Were you able to create the heap-dump using the user under which openHAB is running?

Here is the ‘complete’ dump

http://kulturnetz-drensteinfurt.de/Medien/heap_03.bin.zip

Yes that one works, it has 2751 connections ‘open’/

  1. can you enable some debug logging:

http://docs.openhab.org/administration/logging.html

  1. Can you check the Chrome developer tools whether the browser server really fired so many requests, especially the network tab is relevant, just check what requests are being fired at the server, most likely requests fail and are somehow retried and fail again, at least that is what I hope :slight_smile:

maybe a wireshark file for the traffic between http client and host?

1 Like

Great

And if you also make a thread dump that might also give some details, if you are in time I might be able to took a look at them in train back home :slight_smile:

OK here they are.
Wireshark from two systems - linux kubuntu 16.4 32 bit and windows 7 professional 64 bit

http://kulturnetz-drensteinfurt.de/Medien/firefox_linux.pcap
http://kulturnetz-drensteinfurt.de/Medien/firefox_windows.pcap

Please apply as a filter in wireshark

ip.dst == 192.168.0.100 && http

You will see immediately:

  • under Linux: the refresh works perfectly - the complete data of the page is requested each time the refresh button is pressed.
  • under Windows: after the first refresh the Browser generates tons of chart requests and destroys the service

under Linux: the refresh works perfectly - the complete data of the page is requested each time the refresh button is pressed.

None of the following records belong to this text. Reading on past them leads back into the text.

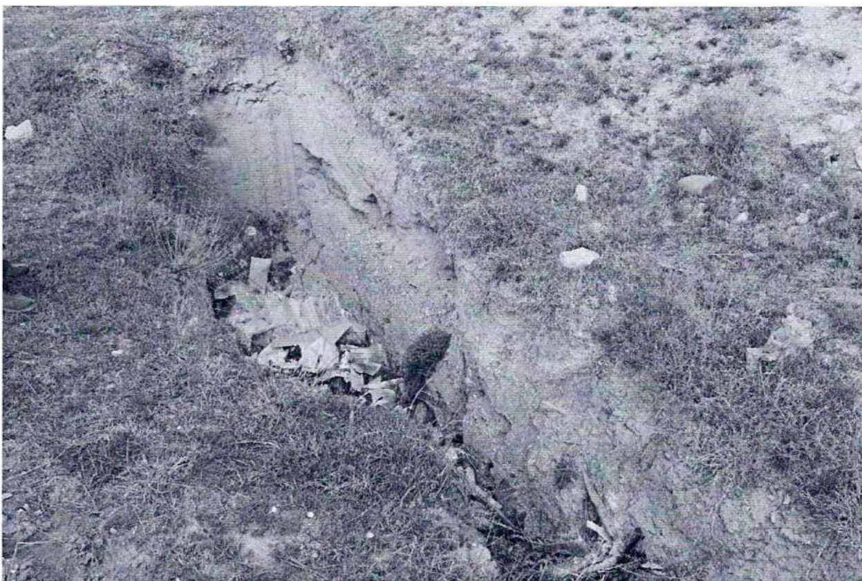
Фото №2. Траншея для утилизации твердых бытовых отходом на территории объекта культурного наследия федерального значения, памятника археологии «Верхнечирюртовский курганный могильник».
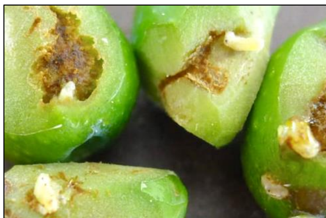
Larves de mouches observées à Cassis (13)
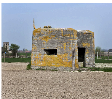
Elévation sud et le porche pare-suffle IVR31_20145904433NUCA
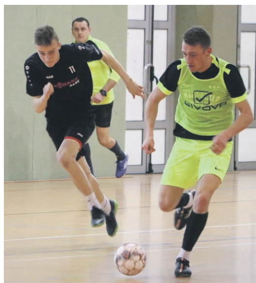
Tiki Taka - Hart Szkło 3:3
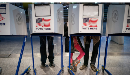
Foto: Elección de Estados Unidos

Debemos tener en cuenta que tal reunión se desarrolla en momentos de votación de medio término para elegir representantes del Senado y del Congreso de los Estados Unidos y varios gobernadores estatales, lo que tiene influencia no solo en el cambio climático futuro sino en la geopolítica internacional. Ahora bien, todo apunta a que esta es una cumbre climática pequeña, no decisiva y, por lo tanto, con pocos logros a obtenerse: ni China ni India, como tampoco Estados Unidos enviaron representantes de la cúspide del Olimpo de las decisiones mundiales.
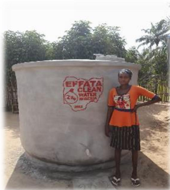
Blijde weduwe met water cisterne
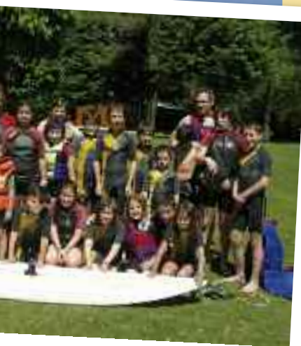
Talde guztia surf egiteko prest.
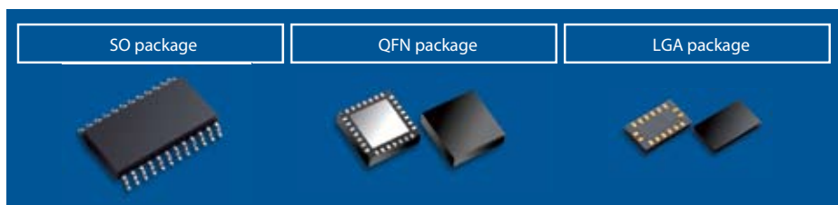
Рис. 3. Варианты корпусного исполнения акселерометров фирмы ST

Варианты корпусного исполнения показаны на рисунке 3.
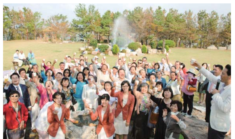
Chuyến thăm của ông đến Nước Ngọt Muan Site, nơi quyền năng Đức Chúa Trời được bày tỏ (Muan, tỉnh Jeonnam tại Hàn Quốc)
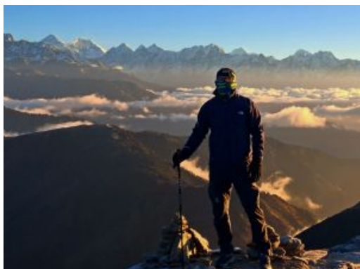
Trek Pikey Peak
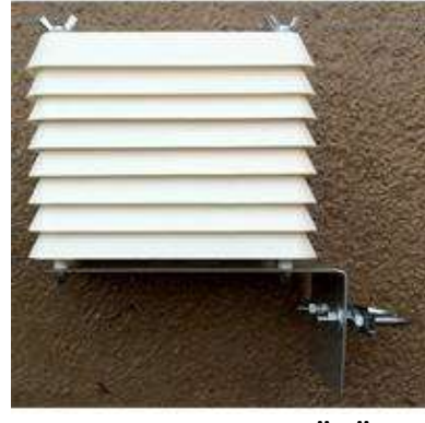
SICAKLIK-NEM SENSÖRÜ (40m kablo ile)
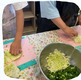
土曜日はみんなで クッキング

Does it render graphs correctly or are there no (correct) graphs? Because the logging shows:

2017-10-09 11:02:00.113 [WARN ] [thome.ui.internal.chart.ChartServlet] - Illegal argument in chart: No Persistence service found.
2017-10-09 11:02:00.086 [WARN ] [thome.ui.internal.chart.ChartServlet] - Illegal argument in chart: No Persistence service found.
2017-10-09 11:02:00.073 [WARN ] [thome.ui.internal.chart.ChartServlet] - Illegal argument in chart: No Persistence service found.

From my point of view this is a subsequent error.

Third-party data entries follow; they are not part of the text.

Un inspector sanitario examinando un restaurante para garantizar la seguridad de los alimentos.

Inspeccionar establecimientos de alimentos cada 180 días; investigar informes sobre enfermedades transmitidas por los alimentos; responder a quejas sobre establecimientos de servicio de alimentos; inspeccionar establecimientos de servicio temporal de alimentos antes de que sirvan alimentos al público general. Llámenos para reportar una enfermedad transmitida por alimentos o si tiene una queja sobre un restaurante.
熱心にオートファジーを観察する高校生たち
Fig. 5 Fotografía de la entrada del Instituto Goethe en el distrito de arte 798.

The first refresh under windows crashes the service. No chart is refreshed.

Before I refresh, the view in Firefox / Chrome updates according to the configuration of the openhab service.

Can you try to resolve No Persistence service found. for example by installing RRD persistence addon

If that resolves it I might be able to setup a server at home which can reproduce this.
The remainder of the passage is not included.